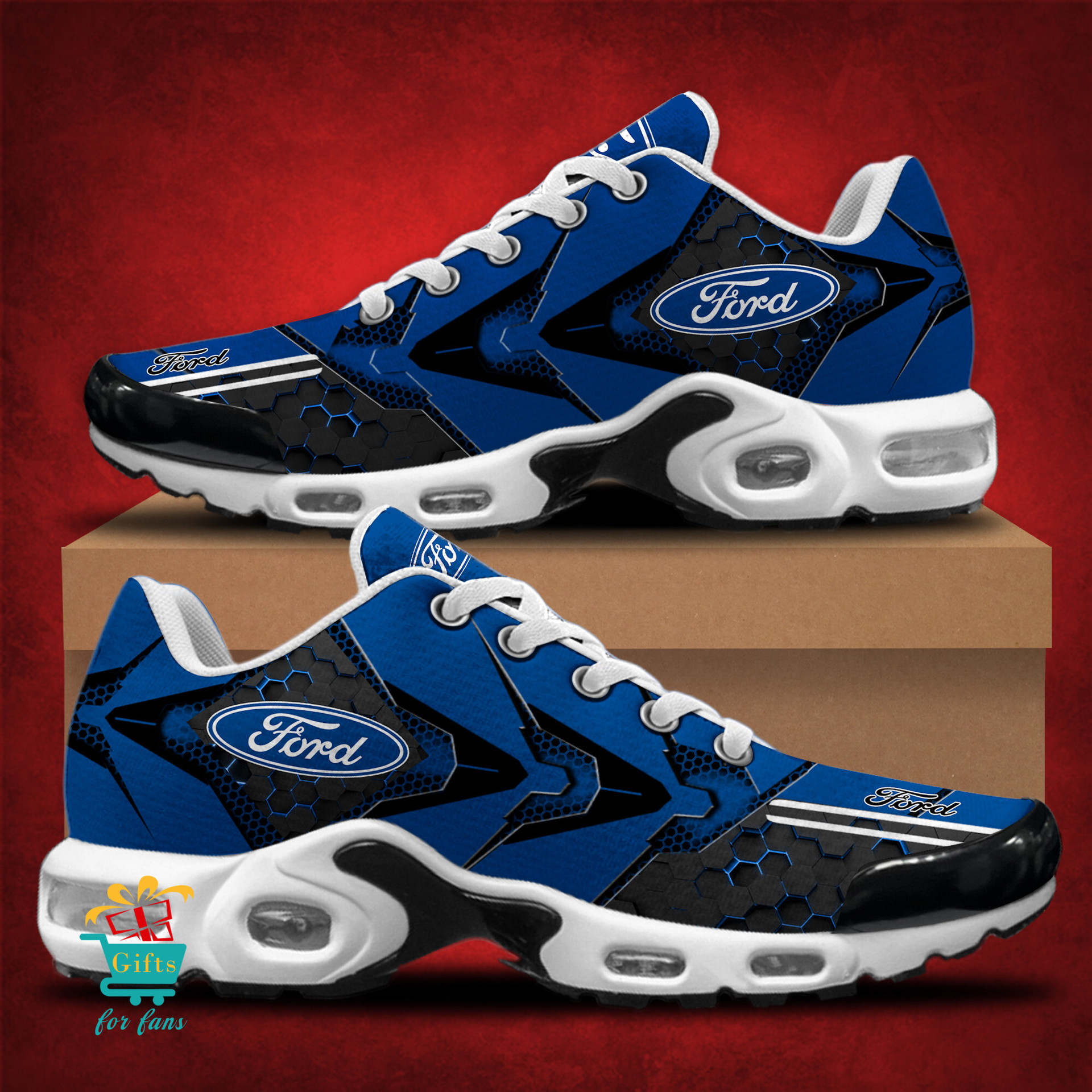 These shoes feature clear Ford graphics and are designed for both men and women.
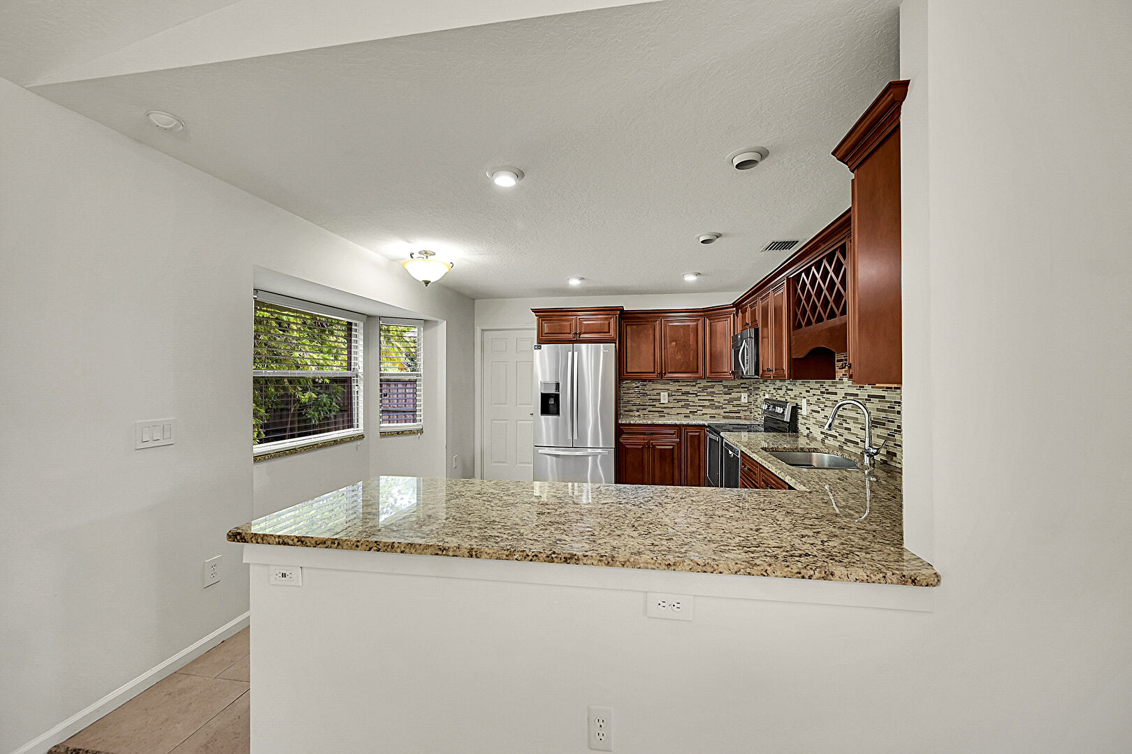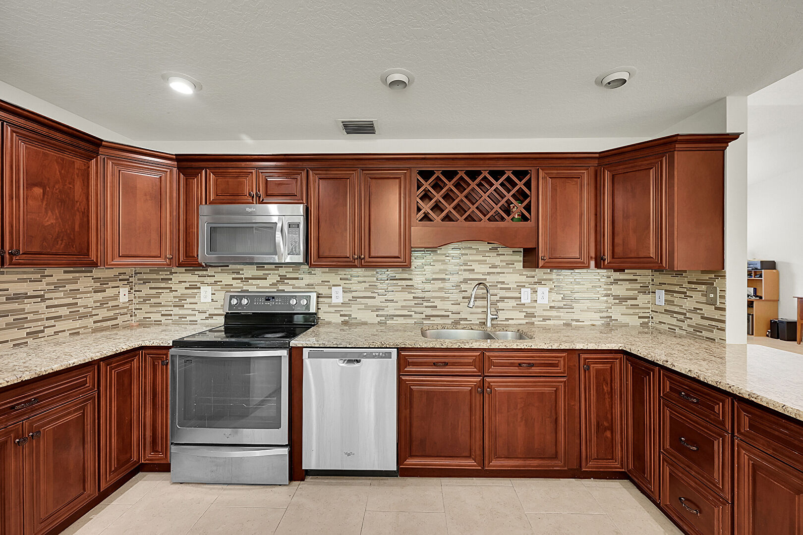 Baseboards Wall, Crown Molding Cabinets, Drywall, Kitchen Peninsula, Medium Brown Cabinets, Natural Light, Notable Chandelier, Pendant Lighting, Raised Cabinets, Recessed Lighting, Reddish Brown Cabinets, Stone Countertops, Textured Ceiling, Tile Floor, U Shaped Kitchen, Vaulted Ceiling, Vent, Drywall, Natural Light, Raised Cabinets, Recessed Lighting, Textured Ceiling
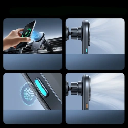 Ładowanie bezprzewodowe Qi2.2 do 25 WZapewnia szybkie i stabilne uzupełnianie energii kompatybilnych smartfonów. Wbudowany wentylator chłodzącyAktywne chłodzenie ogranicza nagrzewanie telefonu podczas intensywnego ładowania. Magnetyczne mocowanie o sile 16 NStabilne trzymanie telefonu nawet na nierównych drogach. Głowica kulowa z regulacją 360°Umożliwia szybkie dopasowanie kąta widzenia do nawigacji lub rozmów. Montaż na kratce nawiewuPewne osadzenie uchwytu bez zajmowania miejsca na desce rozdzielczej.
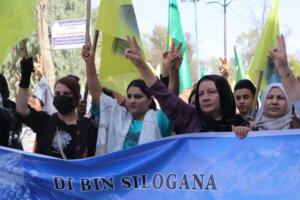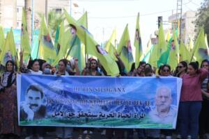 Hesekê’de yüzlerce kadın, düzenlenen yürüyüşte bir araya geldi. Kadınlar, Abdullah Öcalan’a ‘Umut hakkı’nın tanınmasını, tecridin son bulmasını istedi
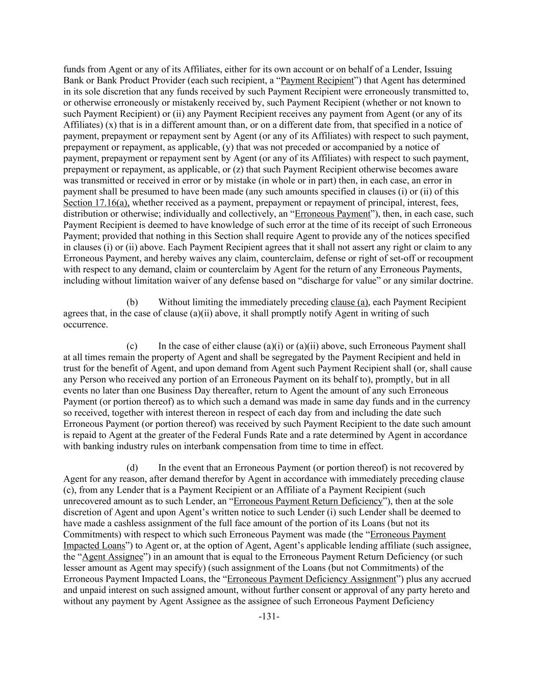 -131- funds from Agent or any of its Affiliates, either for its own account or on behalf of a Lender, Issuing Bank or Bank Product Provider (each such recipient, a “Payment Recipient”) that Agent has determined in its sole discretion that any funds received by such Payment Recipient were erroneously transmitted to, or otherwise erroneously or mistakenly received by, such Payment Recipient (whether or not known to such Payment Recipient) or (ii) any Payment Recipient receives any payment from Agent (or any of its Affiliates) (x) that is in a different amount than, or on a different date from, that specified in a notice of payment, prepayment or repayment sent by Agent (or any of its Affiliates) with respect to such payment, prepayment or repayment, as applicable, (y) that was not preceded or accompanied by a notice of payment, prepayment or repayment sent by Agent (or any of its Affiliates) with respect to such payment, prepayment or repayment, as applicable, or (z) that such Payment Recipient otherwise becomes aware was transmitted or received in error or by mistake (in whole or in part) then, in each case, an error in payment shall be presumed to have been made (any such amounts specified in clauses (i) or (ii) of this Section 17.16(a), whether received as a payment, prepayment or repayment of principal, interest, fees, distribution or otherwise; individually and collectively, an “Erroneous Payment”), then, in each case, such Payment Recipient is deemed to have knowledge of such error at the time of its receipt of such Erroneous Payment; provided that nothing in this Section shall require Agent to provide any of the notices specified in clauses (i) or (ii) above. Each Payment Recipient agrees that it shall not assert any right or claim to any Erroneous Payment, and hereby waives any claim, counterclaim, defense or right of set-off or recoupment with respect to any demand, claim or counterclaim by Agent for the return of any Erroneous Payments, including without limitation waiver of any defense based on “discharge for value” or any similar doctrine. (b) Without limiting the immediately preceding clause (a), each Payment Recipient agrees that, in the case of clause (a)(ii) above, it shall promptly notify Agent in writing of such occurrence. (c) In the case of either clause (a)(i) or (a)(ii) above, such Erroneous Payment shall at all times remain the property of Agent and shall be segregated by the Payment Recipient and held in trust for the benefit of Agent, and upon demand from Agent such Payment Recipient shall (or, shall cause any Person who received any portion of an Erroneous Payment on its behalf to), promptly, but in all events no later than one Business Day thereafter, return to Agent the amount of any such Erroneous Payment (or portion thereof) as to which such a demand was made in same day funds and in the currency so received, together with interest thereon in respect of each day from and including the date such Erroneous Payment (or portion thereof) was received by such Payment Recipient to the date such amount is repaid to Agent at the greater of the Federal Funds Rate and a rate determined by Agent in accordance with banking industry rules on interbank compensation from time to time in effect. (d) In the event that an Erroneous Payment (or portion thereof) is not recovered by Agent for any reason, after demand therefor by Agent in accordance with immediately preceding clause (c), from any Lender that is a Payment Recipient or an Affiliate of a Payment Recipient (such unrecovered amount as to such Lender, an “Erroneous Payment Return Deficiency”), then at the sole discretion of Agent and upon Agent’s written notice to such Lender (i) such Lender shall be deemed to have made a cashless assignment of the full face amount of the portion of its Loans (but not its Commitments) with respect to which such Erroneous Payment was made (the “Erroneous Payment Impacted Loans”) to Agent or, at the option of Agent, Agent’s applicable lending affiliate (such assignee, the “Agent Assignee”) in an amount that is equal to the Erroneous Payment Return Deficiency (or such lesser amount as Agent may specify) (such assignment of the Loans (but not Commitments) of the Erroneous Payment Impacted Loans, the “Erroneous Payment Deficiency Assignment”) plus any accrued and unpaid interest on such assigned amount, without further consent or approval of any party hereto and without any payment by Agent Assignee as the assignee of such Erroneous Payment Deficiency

▸ **Directions for this task**
Would you please copy the material exactly, leaving all the pictures out?

▸ **Completed exercise**
 These shoes feature clear Ford graphics and are designed for both men and women.
 Baseboards Wall, Crown Molding Cabinets, Drywall, Kitchen Peninsula, Medium Brown Cabinets, Natural Light, Notable Chandelier, Pendant Lighting, Raised Cabinets, Recessed Lighting, Reddish Brown Cabinets, Stone Countertops, Textured Ceiling, Tile Floor, U Shaped Kitchen, Vaulted Ceiling, Vent, Drywall, Natural Light, Raised Cabinets, Recessed Lighting, Textured Ceiling
 Ładowanie bezprzewodowe Qi2.2 do 25 WZapewnia szybkie i stabilne uzupełnianie energii kompatybilnych smartfonów. Wbudowany wentylator chłodzącyAktywne chłodzenie ogranicza nagrzewanie telefonu podczas intensywnego ładowania. Magnetyczne mocowanie o sile 16 NStabilne trzymanie telefonu nawet na nierównych drogach. Głowica kulowa z regulacją 360°Umożliwia szybkie dopasowanie kąta widzenia do nawigacji lub rozmów. Montaż na kratce nawiewuPewne osadzenie uchwytu bez zajmowania miejsca na desce rozdzielczej.
 Hesekê’de yüzlerce kadın, düzenlenen yürüyüşte bir araya geldi. Kadınlar, Abdullah Öcalan’a ‘Umut hakkı’nın tanınmasını, tecridin son bulmasını istedi
 -131- funds from Agent or any of its Affiliates, either for its own account or on behalf of a Lender, Issuing Bank or Bank Product Provider (each such recipient, a “Payment Recipient”) that Agent has determined in its sole discretion that any funds received by such Payment Recipient were erroneously transmitted to, or otherwise erroneously or mistakenly received by, such Payment Recipient (whether or not known to such Payment Recipient) or (ii) any Payment Recipient receives any payment from Agent (or any of its Affiliates) (x) that is in a different amount than, or on a different date from, that specified in a notice of payment, prepayment or repayment sent by Agent (or any of its Affiliates) with respect to such payment, prepayment or repayment, as applicable, (y) that was not preceded or accompanied by a notice of payment, prepayment or repayment sent by Agent (or any of its Affiliates) with respect to such payment, prepayment or repayment, as applicable, or (z) that such Payment Recipient otherwise becomes aware was transmitted or received in error or by mistake (in whole or in part) then, in each case, an error in payment shall be presumed to have been made (any such amounts specified in clauses (i) or (ii) of this Section 17.16(a), whether received as a payment, prepayment or repayment of principal, interest, fees, distribution or otherwise; individually and collectively, an “Erroneous Payment”), then, in each case, such Payment Recipient is deemed to have knowledge of such error at the time of its receipt of such Erroneous Payment; provided that nothing in this Section shall require Agent to provide any of the notices specified in clauses (i) or (ii) above. Each Payment Recipient agrees that it shall not assert any right or claim to any Erroneous Payment, and hereby waives any claim, counterclaim, defense or right of set-off or recoupment with respect to any demand, claim or counterclaim by Agent for the return of any Erroneous Payments, including without limitation waiver of any defense based on “discharge for value” or any similar doctrine. (b) Without limiting the immediately preceding clause (a), each Payment Recipient agrees that, in the case of clause (a)(ii) above, it shall promptly notify Agent in writing of such occurrence. (c) In the case of either clause (a)(i) or (a)(ii) above, such Erroneous Payment shall at all times remain the property of Agent and shall be segregated by the Payment Recipient and held in trust for the benefit of Agent, and upon demand from Agent such Payment Recipient shall (or, shall cause any Person who received any portion of an Erroneous Payment on its behalf to), promptly, but in all events no later than one Business Day thereafter, return to Agent the amount of any such Erroneous Payment (or portion thereof) as to which such a demand was made in same day funds and in the currency so received, together with interest thereon in respect of each day from and including the date such Erroneous Payment (or portion thereof) was received by such Payment Recipient to the date such amount is repaid to Agent at the greater of the Federal Funds Rate and a rate determined by Agent in accordance with banking industry rules on interbank compensation from time to time in effect. (d) In the event that an Erroneous Payment (or portion thereof) is not recovered by Agent for any reason, after demand therefor by Agent in accordance with immediately preceding clause (c), from any Lender that is a Payment Recipient or an Affiliate of a Payment Recipient (such unrecovered amount as to such Lender, an “Erroneous Payment Return Deficiency”), then at the sole discretion of Agent and upon Agent’s written notice to such Lender (i) such Lender shall be deemed to have made a cashless assignment of the full face amount of the portion of its Loans (but not its Commitments) with respect to which such Erroneous Payment was made (the “Erroneous Payment Impacted Loans”) to Agent or, at the option of Agent, Agent’s applicable lending affiliate (such assignee, the “Agent Assignee”) in an amount that is equal to the Erroneous Payment Return Deficiency (or such lesser amount as Agent may specify) (such assignment of the Loans (but not Commitments) of the Erroneous Payment Impacted Loans, the “Erroneous Payment Deficiency Assignment”) plus any accrued and unpaid interest on such assigned amount, without further consent or approval of any party hereto and without any payment by Agent Assignee as the assignee of such Erroneous Payment Deficiency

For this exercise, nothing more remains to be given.